# Information supplied:
• • • •
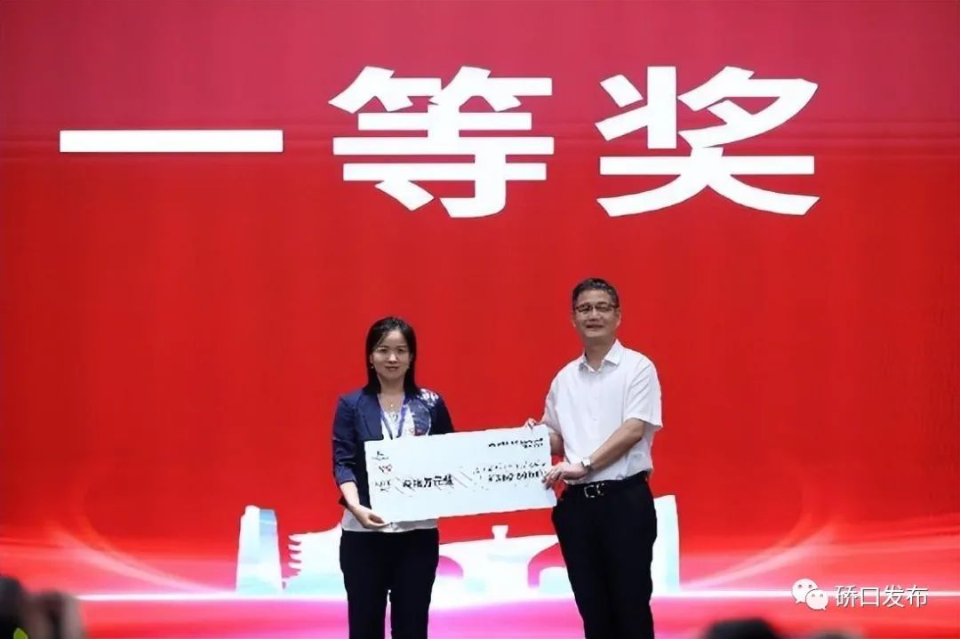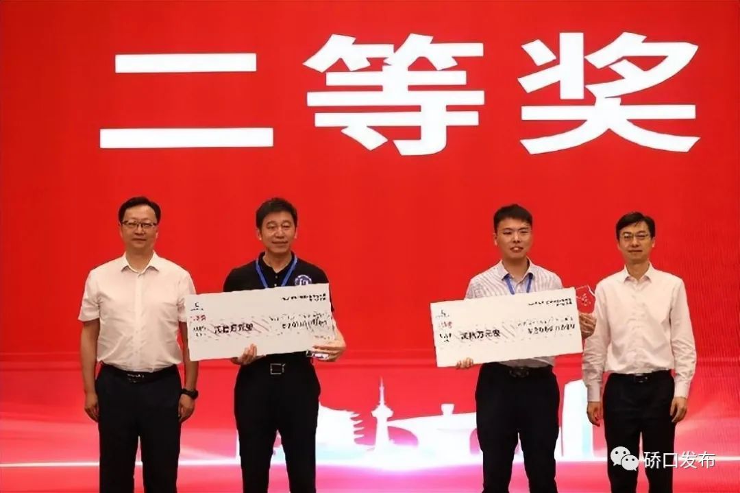 ▲武汉市科技局党组书记、局长盛继亮为一等奖获得者(左)颁奖
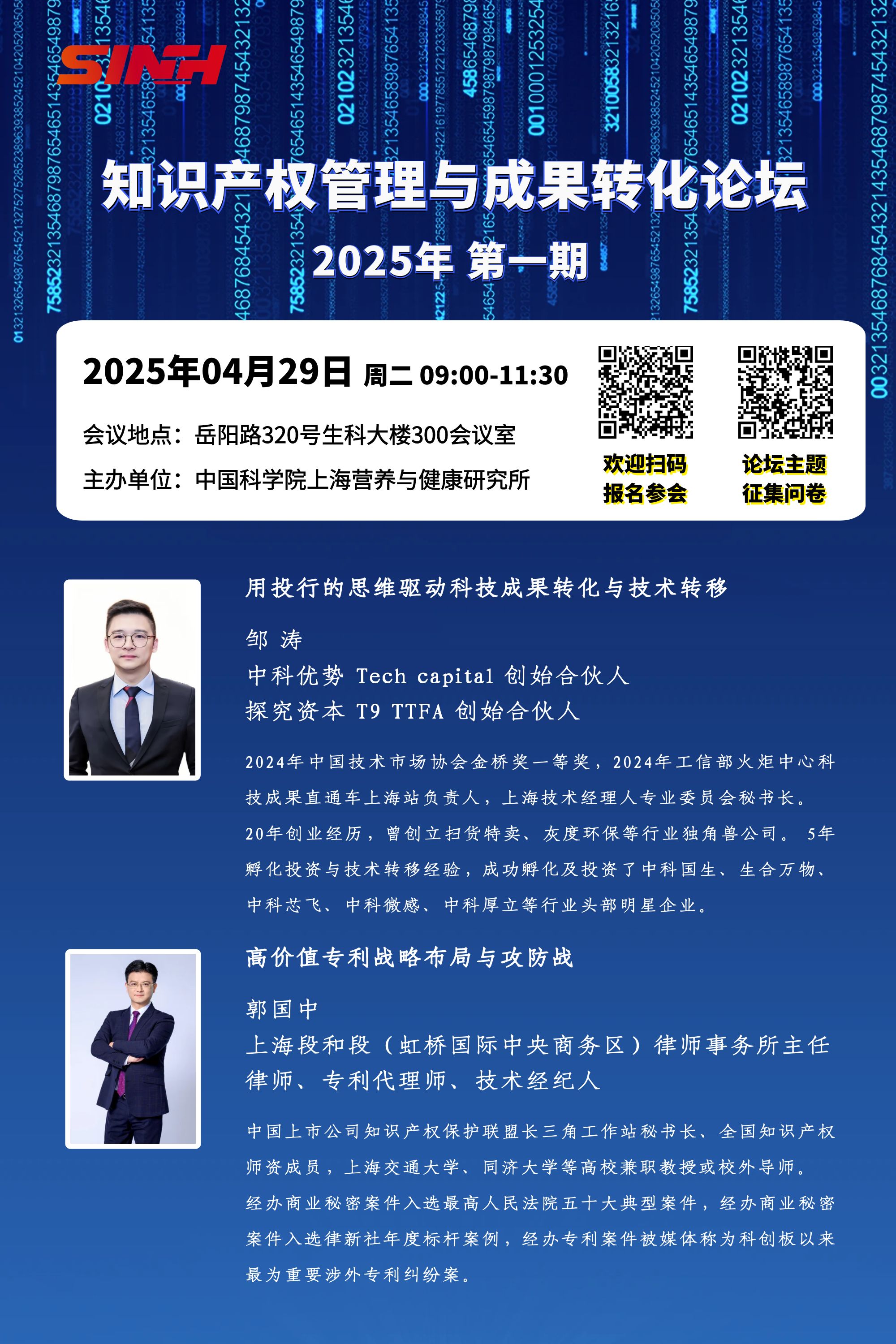 4月29日|知識產權管理與成果轉化論壇-2025年第一期
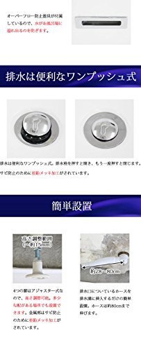●排水は便利なワンプッシュ式。排水栓を押すと開き、もう一度押すと閉じます。サビ防止のために亜鉛メッキ加工がされています。
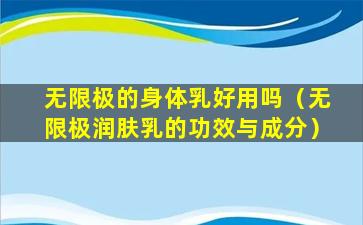 关于“无限极的身体乳好用吗”,这个问题的答案可能因人而异,因为每个人的皮肤类型、偏好和反应都是不同的。以下是一些评估身体乳是否适合自己的因素:
• • • •
Could you return the entire listing above verbatim while dropping each picture?

# Result below:
 ▲武汉市科技局党组书记、局长盛继亮为一等奖获得者(左)颁奖
 4月29日|知識產權管理與成果轉化論壇-2025年第一期
●排水は便利なワンプッシュ式。排水栓を押すと開き、もう一度押すと閉じます。サビ防止のために亜鉛メッキ加工がされています。
 关于“无限极的身体乳好用吗”,这个问题的答案可能因人而异,因为每个人的皮肤类型、偏好和反应都是不同的。以下是一些评估身体乳是否适合自己的因素:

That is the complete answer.